There are literally thousands of in vitro clinical trials surrounding the safety and efficacy of statins, so how have they got it so wrong?  There is no contest that these studies have consistently demonstrated their ability to effectively reduce LDL, but what the study above has established (and the others have failed to examine) is that statins also deplete CoQ10.   This may not seem like a big deal until you realise that low levels of CoQ10 have been attributed to increased risk of HEART DISEASE, CARDIOVASCULAR DISEASE, brain disorders, diabetes and cancer.  I’ll let that sit with you for a moment.

So if we take into account the fact that LDL isn’t the problem and we’re also depleting CoQ10 stores, what does this mean for our health?  In a nutshell, we are creating an environment that is perfect for the development of CVD, not the prevention!  Is it any wonder that those who experience benefits from taking statins are in the minority?

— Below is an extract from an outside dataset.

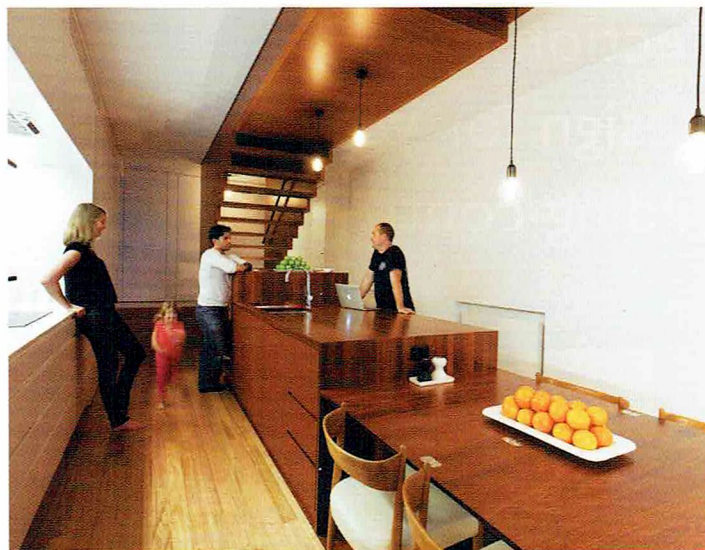
Hans House by MODO.

JURY COMMENT The Hans House is an energetic residence for a young Melbourne family. Responding to the client's brief for a home that played an active role in their everyday life, the emerging design practice responded with a bold container for contemporary living. The building's exterior form responds directly to the different spaces inside. A timber-clad box containing the bedrooms and bathrooms rests on a robust, masonry ground floor structure that contains the active, living spaces. The cantilever of the carefully detailed box marks the entry point for the house, while the underside becomes the ceiling for the ground floor. At the rear of the house the form of the box becomes the canopy for an intimate courtyard.

In keeping with the proven Hippocratic principle of “let food be thy medicine and medicine be thy food”, a variety of published studies demonstrate that dietary changes are significantly more likely to reduce your risk of cardiovascular disease than statins.

So next time you’re prescribed any kind of medication, I’d encourage you to take the time to examine the research and and seek a second opinion. Pharmaceuticals aren’t the devil and definitely have their place, but they’re often not the miracles they’re purported to be and may not be the best option for you.

If you have questions about your health, book in to see your natural health practitioner.  Prevention is always better than the cure, and your health is the most valuable thing you have.